02hao09 opened this issue · comments
您好, 我照着train.py中的代码使用在finetune.py, 在训练时发生以下错误, 请问我要怎么修改, 才能正确训练?
谢谢
InvalidArgumentError: 2 root error(s) found.
(0) Invalid argument: TypeError: generator
yielded an element that could not be converted to the expected type. The expected type was float32, but the yielded element was [array([[ 101, 2349, 25480, ..., 9172, 16054, 102],
[ 101, 2335, 5088, ..., 4934, 31621, 102],
[ 101, 2349, 25480, ..., 18312, 5661, 102],
[ 101, 2349, 25480, ..., 33732, 11511, 102]]), array([[ 101, 22191, 27209, 41412, 31201, 8506, 42696, 31201, 5661,
忘了将finetune.py的 generator 换成 train.py 中的, 导致转tf.dataset 形状不对
class data_generator(DataGenerator):
"""数据生成器
"""
def iter(self, random=False):
for is_end, texts in self.sample(random):
source, target = pseudo_summary(texts)
source_ids, _ = tokenizer.encode(source, maxlen=s_maxlen)
target_ids, _ = tokenizer.encode(target, maxlen=t_maxlen)

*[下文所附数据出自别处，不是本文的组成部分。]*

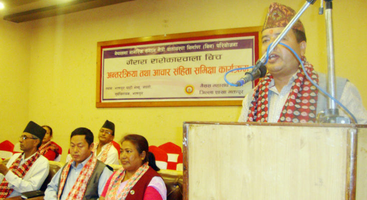 कार्यक्रममा वोल्दै गैरसरकारी संस्था नेपाल भक्तपुर शाखाका अध्यक्ष शोम शर्मा बजगाईले गैरसरकारी संस्थालाई जनमानसले हेर्ने दृष्टिकोणमा परिवर्तन गराउनु पर्ने बताएका छन् । एनजिओलाई डलरको खेती गर्ने, कुनै पनि संस्था भने पछि जिल्ला स्तरको हुने र सामाजिक संस्था भनेपछि मात्र समाजको काम गर्ने भन्ने सर्वसाधारणका बुझाई रहेको र त्यसलाई सोचमा परिवर्तन गराई गैरसरकारी संस्था पनि सामाजिक कार्य गर्ने संस्था हो भनि चेतनाको विकास गराउनु अहिलेको अनिवार्य आवश्यकता भएको बताएका छन् । त्यस्तै उनले गैरसहकारी संस्था सम्बन्धी निर्माण भइरहेका कानुनहरुलाई लचिलोका साथ संसदमा प्रस्तुत भईदिन सांसदहरुलाई आग्रह समेत गरेका छन् ।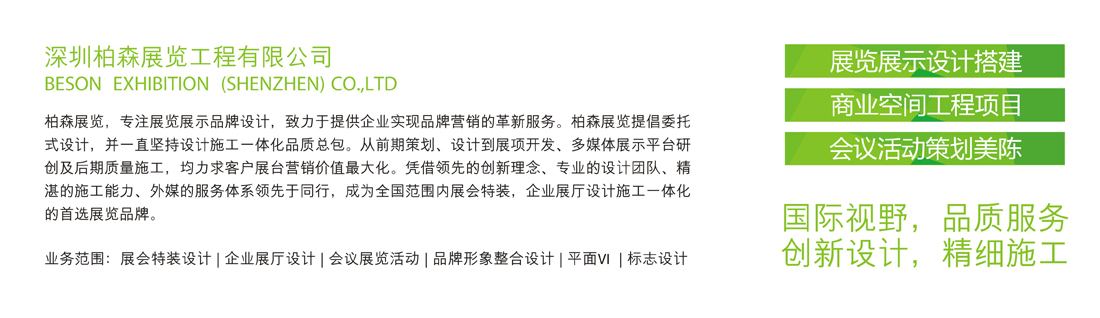 柏森展示:專注展覽展示品牌設(shè)計(jì),提供深圳展臺搭建,深圳展臺設(shè)計(jì),香港展臺搭建設(shè)計(jì),是優(yōu)質(zhì)的深圳展覽工程公司。致力于提供企業(yè)實(shí)現(xiàn)品牌營銷的革新服務(wù)。柏森展示提倡委托式設(shè)計(jì),并一直堅(jiān)持展臺設(shè)計(jì)施工一體化品質(zhì)總包。從前期展覽策劃、設(shè)計(jì)到展項(xiàng)開發(fā)、多媒體展示平臺研創(chuàng)及后期質(zhì)量施工,均力求客戶展臺營銷價(jià)值最大化。憑借領(lǐng)先的創(chuàng)新理念、專業(yè)的設(shè)計(jì)團(tuán)隊(duì)、精湛的施工能力、外媒的服務(wù)體系領(lǐng)先于同行,成為全國范圍內(nèi)展會特裝,企業(yè)展廳設(shè)計(jì)施工一體化的首選展覽品牌公司。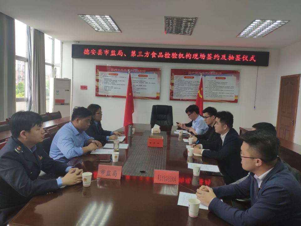 为加强食品安全抽检工作,掌握全县食品安全总体状况,及时发现和处置食品安全问题,防范系统性、区域性风险及结合当前德安县创建市级食品安全示范县的有关要求,县市监局通过对第三方检测机构资质审核并在中国政府采购网上查实检测机构未被列入失信名单,以询价的方式确定了5家食品检测机构来承担我县食品抽检任务。并与4月18日在市监局三楼会议室进行委托检验合同的签订。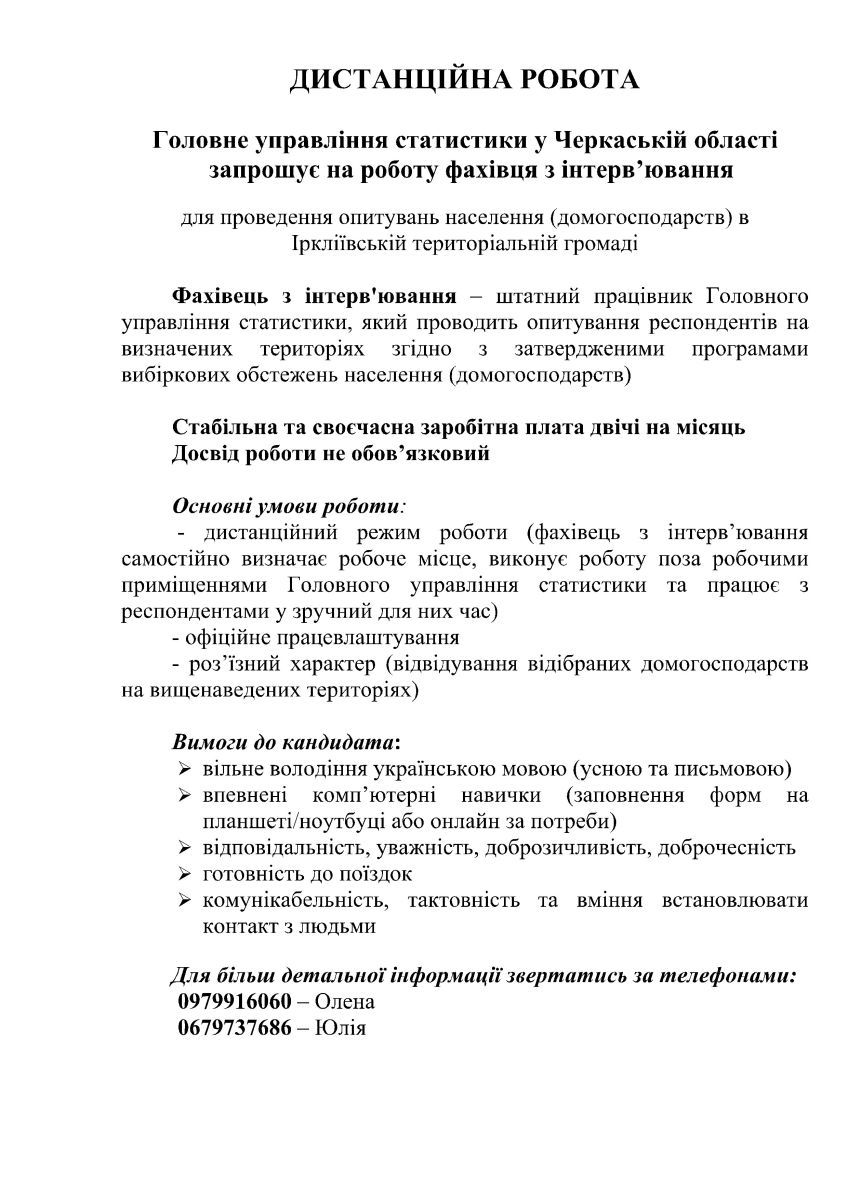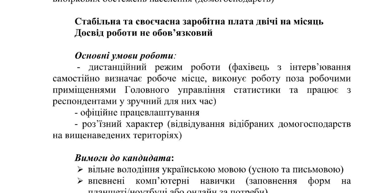 Головне управління статистики у Черкаській області запрошує на роботу фахівця з інтерв’ювання

yield source_ids, target_ids
@02hao09 你好,我在单机多卡上finetune用MirroredStrategy支持多卡,但是从GPU利用率上看只使用了单卡,你最终是怎么使用多卡的呢?
你好。请问你解决这个问题了吗
@KobeChe 您好,
先使用以下代碼查看是否有多GPU可使用
import tensorflow as tf
print("Num GPUs Available: ", len(tf.config.experimental.list_physical_devices('GPU')))
之後再model外包一層 strategy.scope() , 如下代碼 , 我是這樣就能成功執行了
strategy = tf.distribute.MirroredStrategy()
with strategy.scope():
t5 = build_transformer_model(
config_path=config_path,
checkpoint_path=None,
model='mt5.1.1',
return_keras_model=False,
name='T5',
)
model = t5.model
output = CrossEntropy(1)([model.inputs[1], model.outputs[0]])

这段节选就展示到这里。